### Exercise requirements:
Return the data word for word. Pictures are to be omitted.

Data excerpts:
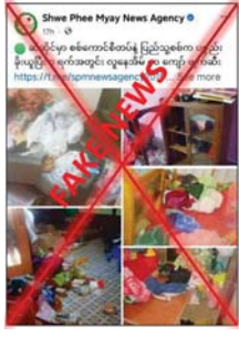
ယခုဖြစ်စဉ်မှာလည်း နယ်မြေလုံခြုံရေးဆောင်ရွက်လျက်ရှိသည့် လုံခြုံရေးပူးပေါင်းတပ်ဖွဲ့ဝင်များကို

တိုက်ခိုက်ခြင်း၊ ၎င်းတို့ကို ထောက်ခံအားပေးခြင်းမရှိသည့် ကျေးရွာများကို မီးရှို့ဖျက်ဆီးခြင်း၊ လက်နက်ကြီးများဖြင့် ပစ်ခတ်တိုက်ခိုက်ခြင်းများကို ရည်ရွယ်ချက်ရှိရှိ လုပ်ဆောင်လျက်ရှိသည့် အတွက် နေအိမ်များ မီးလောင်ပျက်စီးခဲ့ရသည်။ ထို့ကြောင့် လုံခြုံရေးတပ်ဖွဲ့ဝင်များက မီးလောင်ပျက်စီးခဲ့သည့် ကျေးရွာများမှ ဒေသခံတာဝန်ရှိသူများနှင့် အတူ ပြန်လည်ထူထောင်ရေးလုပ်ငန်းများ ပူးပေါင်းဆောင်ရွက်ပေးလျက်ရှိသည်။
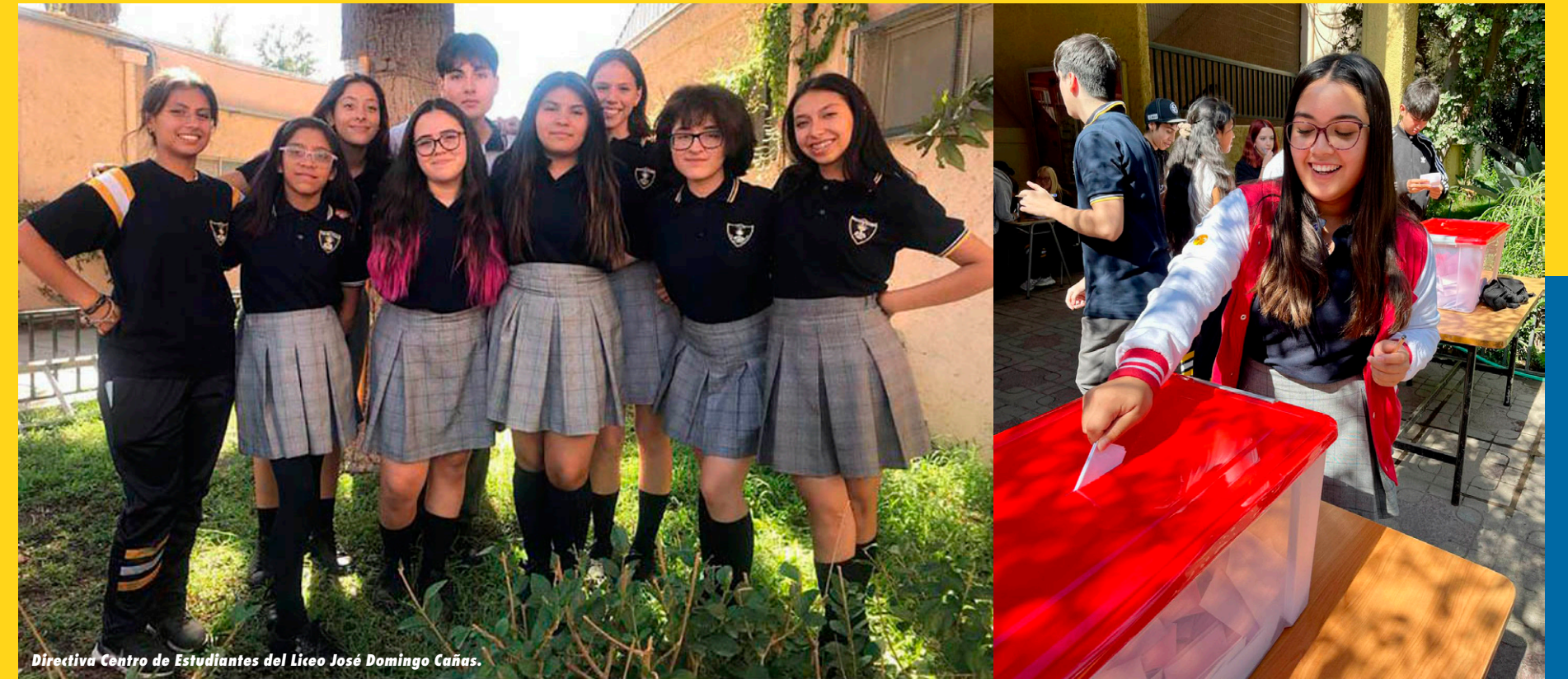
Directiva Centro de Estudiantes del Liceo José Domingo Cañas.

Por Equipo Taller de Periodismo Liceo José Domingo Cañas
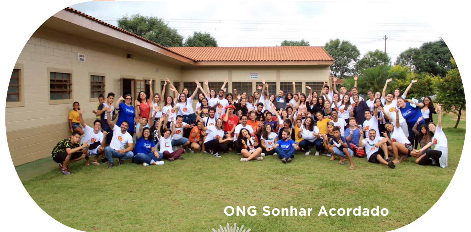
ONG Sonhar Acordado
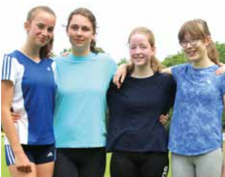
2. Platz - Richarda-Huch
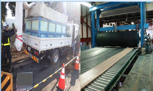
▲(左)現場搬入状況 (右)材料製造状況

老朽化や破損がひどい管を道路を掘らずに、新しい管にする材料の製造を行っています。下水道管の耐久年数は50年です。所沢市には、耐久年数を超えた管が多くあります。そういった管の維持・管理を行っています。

### Response area:
ယခုဖြစ်စဉ်မှာလည်း နယ်မြေလုံခြုံရေးဆောင်ရွက်လျက်ရှိသည့် လုံခြုံရေးပူးပေါင်းတပ်ဖွဲ့ဝင်များကို

တိုက်ခိုက်ခြင်း၊ ၎င်းတို့ကို ထောက်ခံအားပေးခြင်းမရှိသည့် ကျေးရွာများကို မီးရှို့ဖျက်ဆီးခြင်း၊ လက်နက်ကြီးများဖြင့် ပစ်ခတ်တိုက်ခိုက်ခြင်းများကို ရည်ရွယ်ချက်ရှိရှိ လုပ်ဆောင်လျက်ရှိသည့် အတွက် နေအိမ်များ မီးလောင်ပျက်စီးခဲ့ရသည်။ ထို့ကြောင့် လုံခြုံရေးတပ်ဖွဲ့ဝင်များက မီးလောင်ပျက်စီးခဲ့သည့် ကျေးရွာများမှ ဒေသခံတာဝန်ရှိသူများနှင့် အတူ ပြန်လည်ထူထောင်ရေးလုပ်ငန်းများ ပူးပေါင်းဆောင်ရွက်ပေးလျက်ရှိသည်။
Directiva Centro de Estudiantes del Liceo José Domingo Cañas.

Por Equipo Taller de Periodismo Liceo José Domingo Cañas
ONG Sonhar Acordado
2. Platz - Richarda-Huch
▲(左)現場搬入状況 (右)材料製造状況

老朽化や破損がひどい管を道路を掘らずに、新しい管にする材料の製造を行っています。下水道管の耐久年数は50年です。所沢市には、耐久年数を超えた管が多くあります。そういった管の維持・管理を行っています。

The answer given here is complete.